Interneuron-Driven Ictogenesis in the 4-Aminopyridine Model: Depolarization Block and Potassium Accumulation Initiate Seizure-like Activity
Elena Yu. Proskurina, Julia L. Ergina, Aleksey V. Zaitsev

TL;DR
This study reveals how seizures start in a mouse model, showing that overactive inhibitory brain cells trigger a chain of events leading to seizure-like activity.
Contribution
The paper identifies a precise sequence involving interneuron depolarization block and potassium accumulation as a trigger for seizure initiation.
Findings
Interneurons fire rapidly before entering depolarization block, which coincides with potassium accumulation.
Pyramidal neurons start firing 1.1 seconds after depolarization block, marking seizure onset.

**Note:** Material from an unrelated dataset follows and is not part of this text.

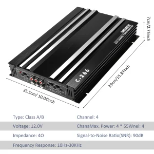 Ideal for audiophiles, car enthusiasts, or anyone looking to level up their in-car sound, this amplifier works with a variety of setups and speakers to deliver professional-grade audio on the go.

Hippocampal neurons show distinct activity, suggesting region-specific seizure mechanisms.
Abstract
The mechanisms of ictal discharge initiation remain incompletely understood, particularly the paradoxical role of inhibitory fast-spiking interneurons in seizure generation. Using simultaneous whole-cell recordings of interneurons and pyramidal neurons combined with extracellular [K+]o monitoring in mouse entorhinal cortex-hippocampal slices (4-aminopyridine model of epileptiform activity), we identified a critical transition sequence: interneurons displayed high-frequency firing during the preictal phase before entering depolarization block (DB). DB onset coincided with the peak of rate of extracellular [K+] accumulation. Pyramidal cells remained largely silent during interneuronal hyperactivity but started firing within 1.1 ± 0.3 s after DB onset, marking the transition to ictal discharges. This consistent sequence (interneuron DB → [K+]o rate peak → pyramidal cell firing) was…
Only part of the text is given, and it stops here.